Partial vectorization checking for vectorizable_reduction is a piece of
relatively isolated code, which may be reused by other places. Move the
code into a new function for sharing.
Thanks,
Feng
---
gcc/
* tree-vect-loop.cc (vect_reduction_use_partial_vector): New function.
(vectorizable_reduction): Move partial vectorization checking code to
vect_reduction_use_partial_vector.
---
gcc/tree-vect-loop.cc | 138 ++++++++++++++++++++++++------------------
1 file changed, 78 insertions(+), 60 deletions(-)
diff --git a/gcc/tree-vect-loop.cc b/gcc/tree-vect-loop.cc
index a42d79c7cbf..aa5f21ccd1a 100644
--- a/gcc/tree-vect-loop.cc
+++ b/gcc/tree-vect-loop.cc
@@ -7391,6 +7391,81 @@ build_vect_cond_expr (code_helper code, tree vop[3],
tree mask,
}
}
+/* Given an operation with CODE in loop reduction path whose reduction PHI is
+ specified by REDUC_INFO, the operation has TYPE of scalar result, and its
+ input vectype is represented by VECTYPE_IN. The vectype of vectorized result
+ may be different from VECTYPE_IN, either in base type or vectype lanes,
+ lane-reducing operation is the case. This function check if it is possible,
+ and how to perform partial vectorization on the operation in the context
+ of LOOP_VINFO. */
+
+static void
+vect_reduction_use_partial_vector (loop_vec_info loop_vinfo,
+ stmt_vec_info reduc_info,
+ slp_tree slp_node, code_helper code,
+ tree type, tree vectype_in)
+{
+ if (!LOOP_VINFO_CAN_USE_PARTIAL_VECTORS_P (loop_vinfo))
+ return;
+
+ enum vect_reduction_type reduc_type = STMT_VINFO_REDUC_TYPE (reduc_info);
+ internal_fn reduc_fn = STMT_VINFO_REDUC_FN (reduc_info);
+ internal_fn cond_fn = get_conditional_internal_fn (code, type);
+
+ if (reduc_type != FOLD_LEFT_REDUCTION
+ && !use_mask_by_cond_expr_p (code, cond_fn, vectype_in)
+ && (cond_fn == IFN_LAST
+ || !direct_internal_fn_supported_p (cond_fn, vectype_in,
+ OPTIMIZE_FOR_SPEED)))
+ {
+ if (dump_enabled_p ())
+ dump_printf_loc (MSG_MISSED_OPTIMIZATION, vect_location,
+ "can't operate on partial vectors because"

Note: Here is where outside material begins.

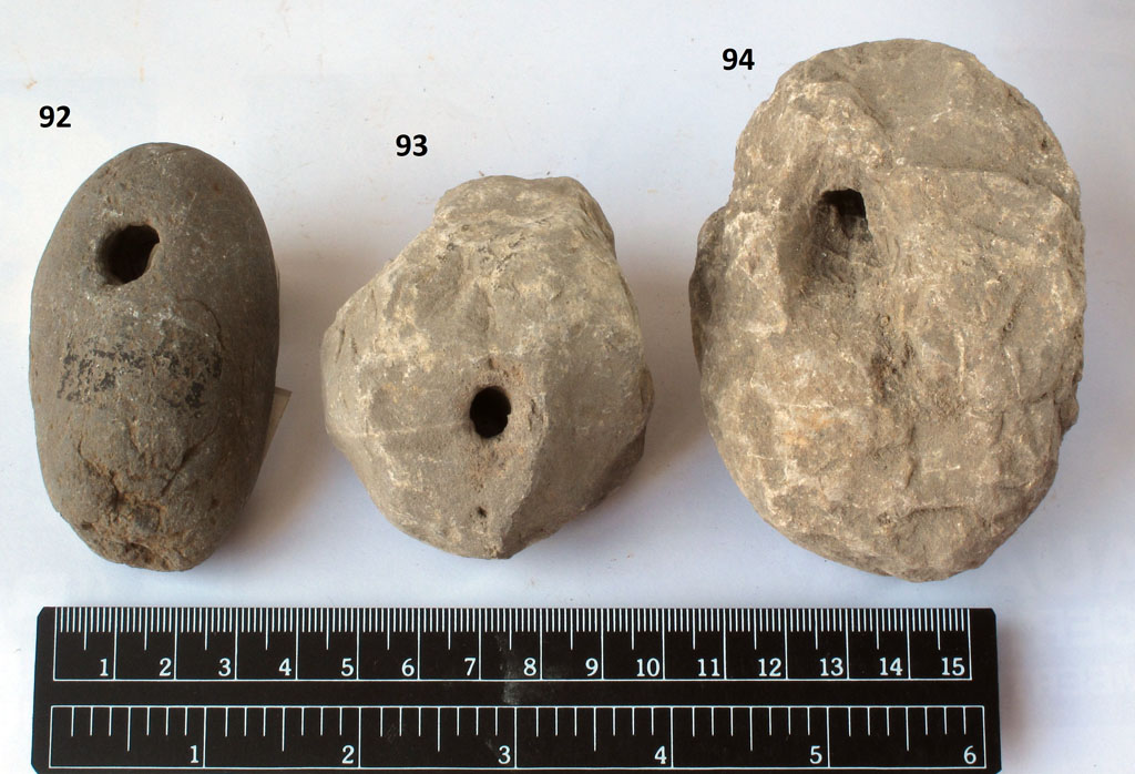 Testa di mazza di forma sub-circolare, con foro circolare per l'immanicatura

+ " no conditional operation is available.\n");
+ LOOP_VINFO_CAN_USE_PARTIAL_VECTORS_P (loop_vinfo) = false;
+ }
+ else if (reduc_type == FOLD_LEFT_REDUCTION
+ && reduc_fn == IFN_LAST
+ && !expand_vec_cond_expr_p (vectype_in, truth_type_for (vectype_in),
+ SSA_NAME))
+ {
+ if (dump_enabled_p ())
+ dump_printf_loc (MSG_MISSED_OPTIMIZATION, vect_location,
+ "can't operate on partial vectors because"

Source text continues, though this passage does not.